#### WHAT IS NEEDED:
Leaving pictures aside, set down each line exactly, from the first line of the data to the line with "A Giraffe On", both included.

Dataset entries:
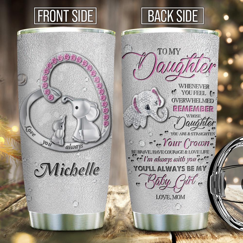 Personalized Elephant Mom To Daughter Stainless Steel Tumbler
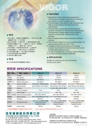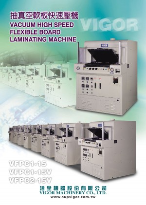Con sede en Taiwán, Vigor Machinery CO., LTD. es un proveedor de prensas de laminación, cortadoras y máquinas de corte en las industrias de electrónica, compuestos, plásticos y caucho. Las principales máquinas incluyen prensas de laminación PCB y al vacío, prensas rápidas al vacío FPCB, prensas de laboratorio, prensas de alta temperatura, prensas en caliente y en frío, cortadoras de láminas de cobre, cortadoras y máquinas de corte, probadores de resina, etc.
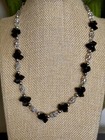 Sterling Silver Necklace Bracelet Set Clear & Black Beads Rhinestones Rondels
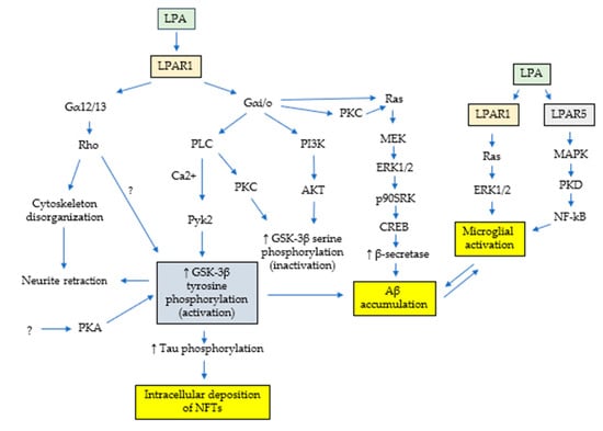 Schematic representation of the LPA signaling cascades involved in the pathogenesis of Alzheimer’s disease.
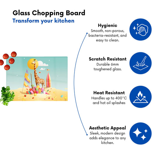 A Giraffe On A Beach Holiday Glass Chopping Board
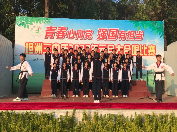 为传承中国历史,发扬中国文化,弘扬主旋律,宣传正能量,12月31日下午,中山市坦洲镇第三初级中学全校师生在操场开展以“青春心向党、强国有担当”为主题的大合唱比赛。
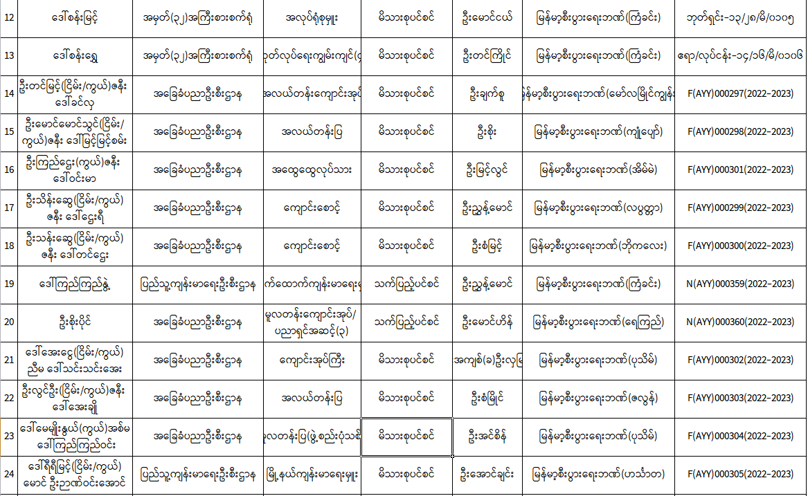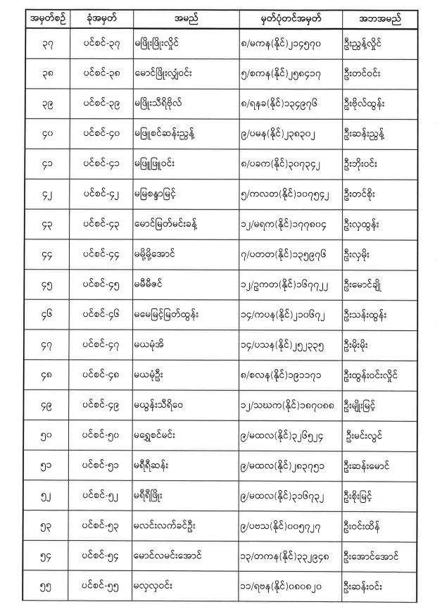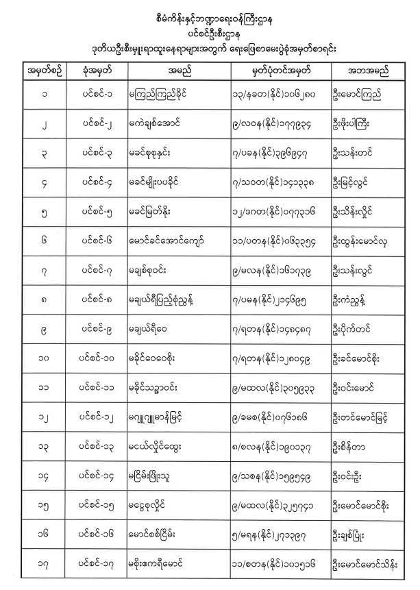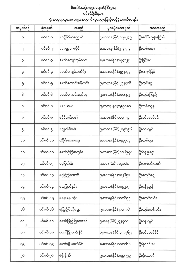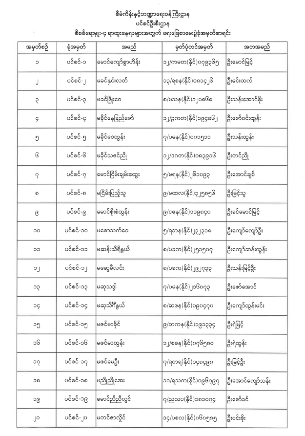 ပင်စင်ဦးစီးဌာနတွင် လစ်လပ်လျက်ရှိသော အမှုထမ်းနေရာများအတွက် ရေးဖြေစာမေးပွဲကျင်းပမည့်နေ့ရက်၊ ဖြေဆိုခွင့်ကတ်ပြားထုတ်ယူရမည့် နေ့ရက်နှင့် ဖြေဆိုခွင့်ရရှိသူစာရင်း အသိပေးကြေညာချက် pdfinance_editor Wed, 12/22/2021 - 09:46

#### ANSWER TO THIS TASK:
 Personalized Elephant Mom To Daughter Stainless Steel Tumbler
Con sede en Taiwán, Vigor Machinery CO., LTD. es un proveedor de prensas de laminación, cortadoras y máquinas de corte en las industrias de electrónica, compuestos, plásticos y caucho. Las principales máquinas incluyen prensas de laminación PCB y al vacío, prensas rápidas al vacío FPCB, prensas de laboratorio, prensas de alta temperatura, prensas en caliente y en frío, cortadoras de láminas de cobre, cortadoras y máquinas de corte, probadores de resina, etc.
 Sterling Silver Necklace Bracelet Set Clear & Black Beads Rhinestones Rondels
 Schematic representation of the LPA signaling cascades involved in the pathogenesis of Alzheimer’s disease.
 A Giraffe On A Beach Holiday Glass Chopping Board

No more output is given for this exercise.